** GIVEN RECORDS follows **
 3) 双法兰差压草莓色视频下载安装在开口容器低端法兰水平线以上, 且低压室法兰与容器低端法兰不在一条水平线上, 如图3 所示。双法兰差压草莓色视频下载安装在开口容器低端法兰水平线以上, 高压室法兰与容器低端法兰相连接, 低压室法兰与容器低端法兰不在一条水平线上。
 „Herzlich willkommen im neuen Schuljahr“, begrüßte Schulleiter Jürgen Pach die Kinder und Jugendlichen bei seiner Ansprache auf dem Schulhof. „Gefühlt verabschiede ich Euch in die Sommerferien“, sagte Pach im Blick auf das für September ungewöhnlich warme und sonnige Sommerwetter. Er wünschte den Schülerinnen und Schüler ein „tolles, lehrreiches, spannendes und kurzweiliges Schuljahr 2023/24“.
** End of GIVEN RECORDS **
** GIVEN RECORDS follows **
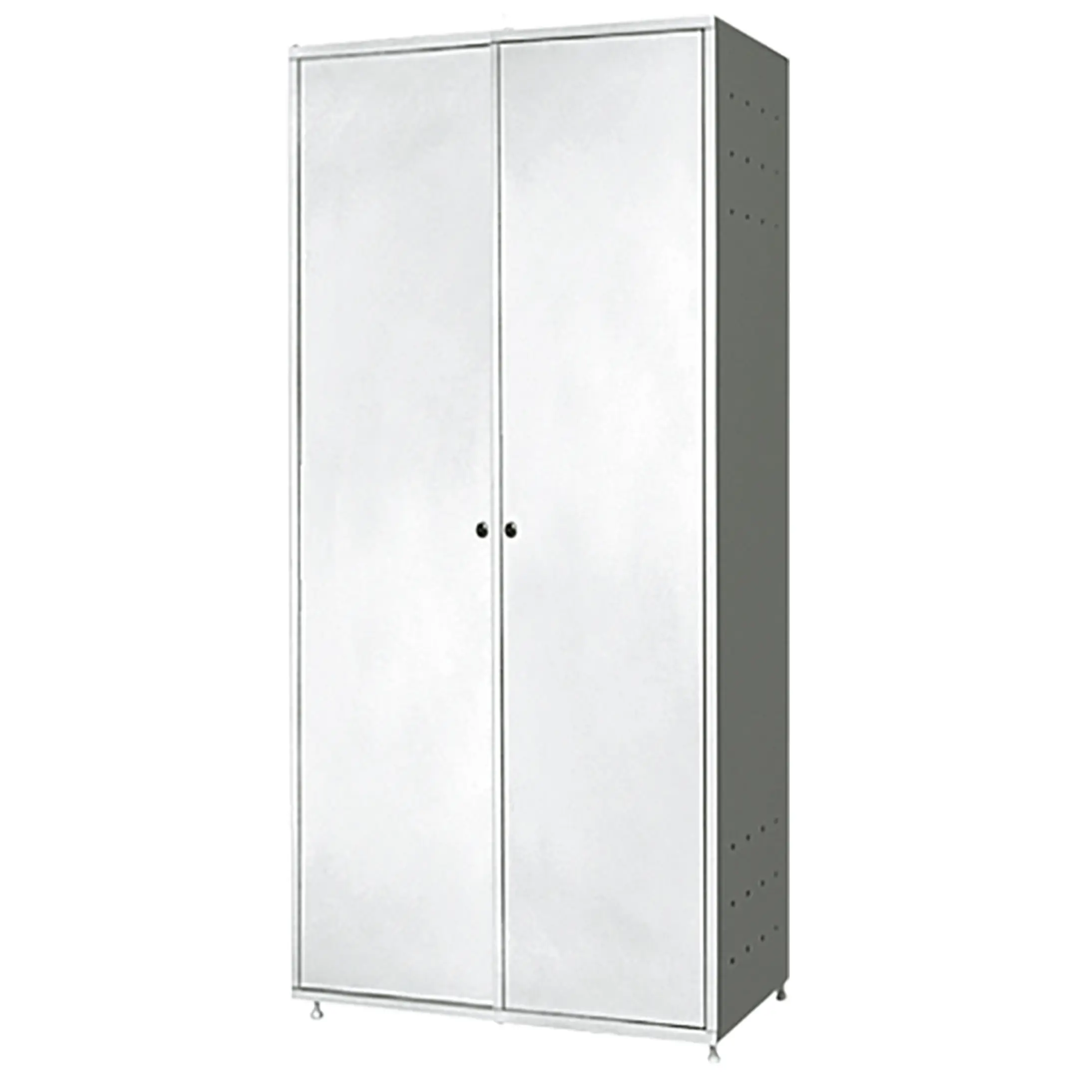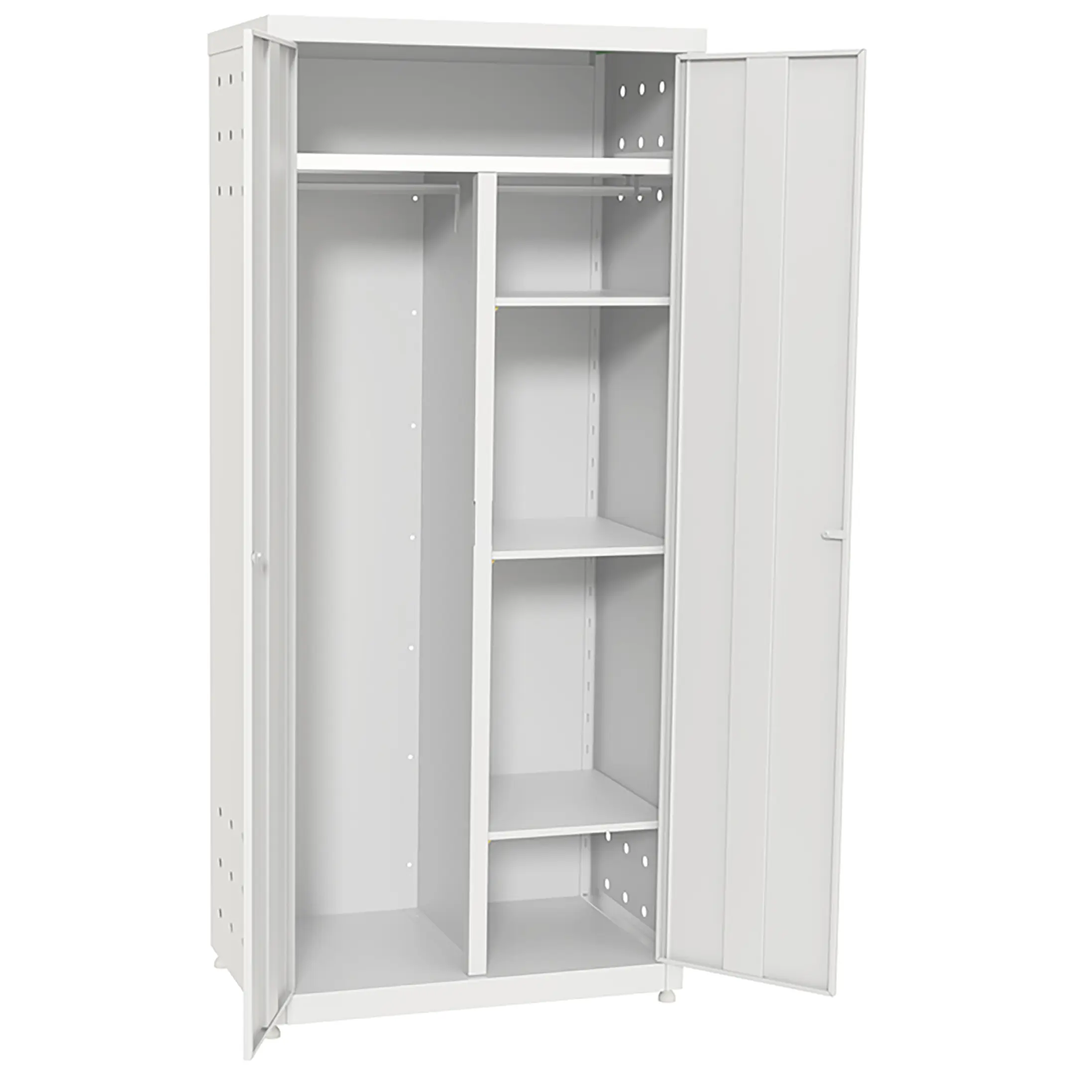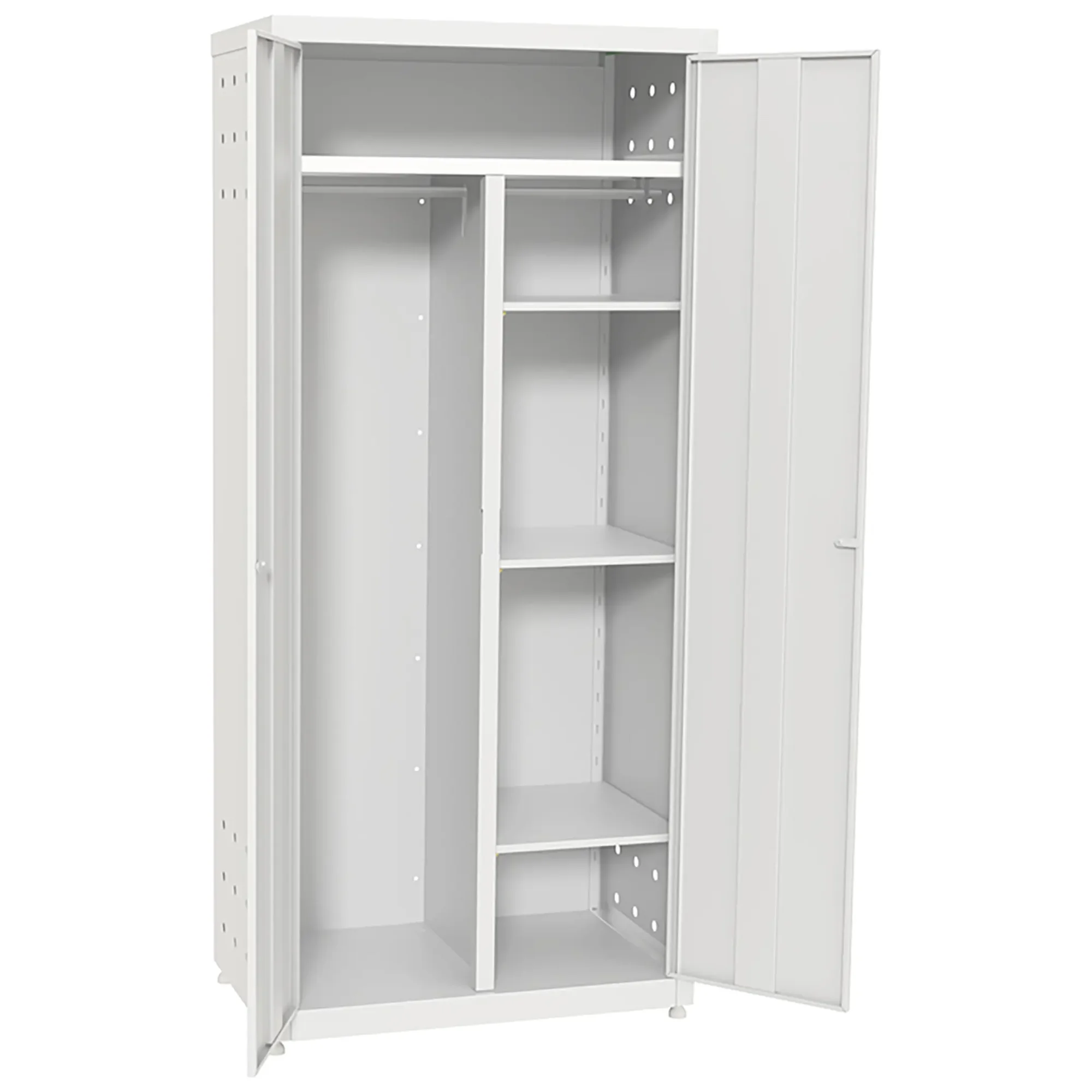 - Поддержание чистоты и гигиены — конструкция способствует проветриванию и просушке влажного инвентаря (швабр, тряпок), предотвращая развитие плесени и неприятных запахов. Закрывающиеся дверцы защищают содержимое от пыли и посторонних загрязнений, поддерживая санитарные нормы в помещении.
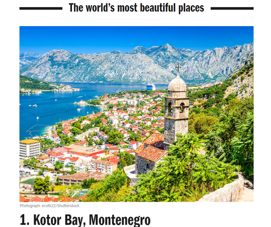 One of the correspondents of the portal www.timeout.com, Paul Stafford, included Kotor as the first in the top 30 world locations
** End of GIVEN RECORDS **
** GIVEN RECORDS follows **
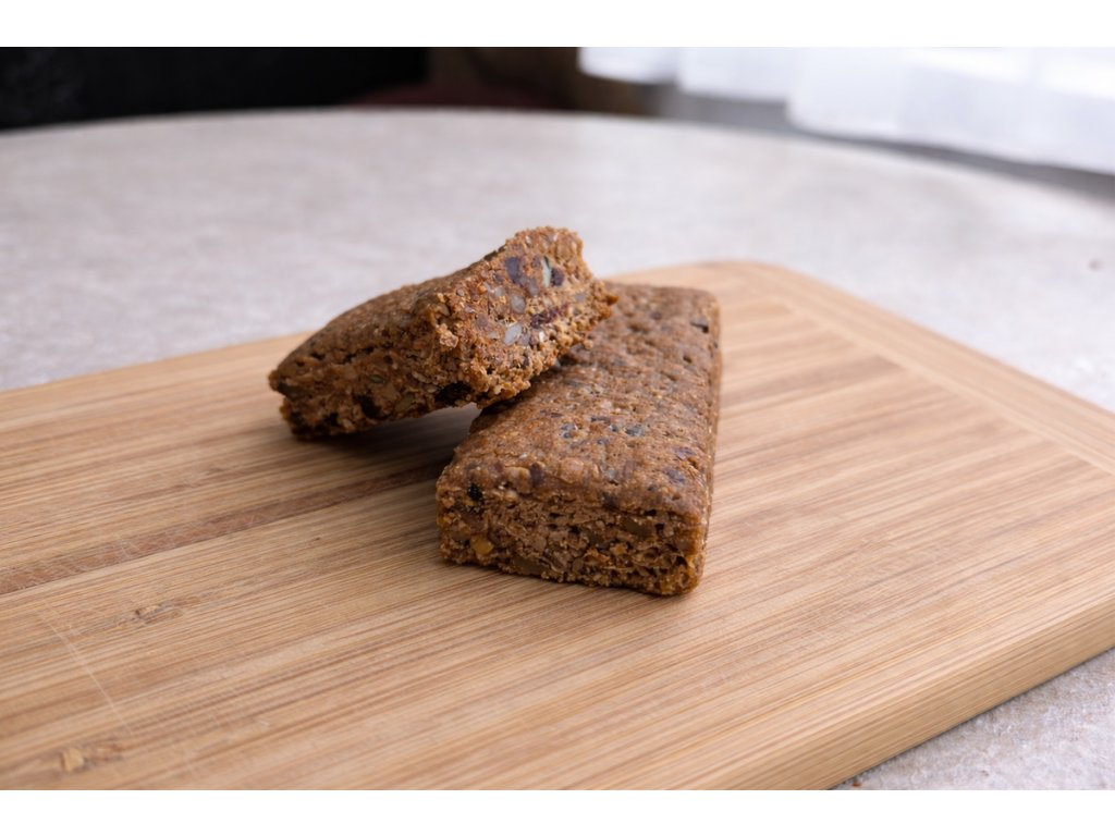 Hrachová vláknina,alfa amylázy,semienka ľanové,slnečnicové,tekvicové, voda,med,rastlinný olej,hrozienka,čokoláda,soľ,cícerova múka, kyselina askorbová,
** End of GIVEN RECORDS **
From the records above, transcribe without alteration every line from the one with "3) 双法兰差压草莓色视频下载安装在开口容器低端法兰水平线以上, 且低压室法兰与容器低端法兰不在一条水平线上, 如图3" to the one with "willkommen im neuen", inclusive.

 3) 双法兰差压草莓色视频下载安装在开口容器低端法兰水平线以上, 且低压室法兰与容器低端法兰不在一条水平线上, 如图3 所示。双法兰差压草莓色视频下载安装在开口容器低端法兰水平线以上, 高压室法兰与容器低端法兰相连接, 低压室法兰与容器低端法兰不在一条水平线上。
 „Herzlich willkommen im neuen Schuljahr“, begrüßte Schulleiter Jürgen Pach die Kinder und Jugendlichen bei seiner Ansprache auf dem Schulhof. „Gefühlt verabschiede ich Euch in die Sommerferien“, sagte Pach im Blick auf das für September ungewöhnlich warme und sonnige Sommerwetter. Er wünschte den Schülerinnen und Schüler ein „tolles, lehrreiches, spannendes und kurzweiliges Schuljahr 2023/24“.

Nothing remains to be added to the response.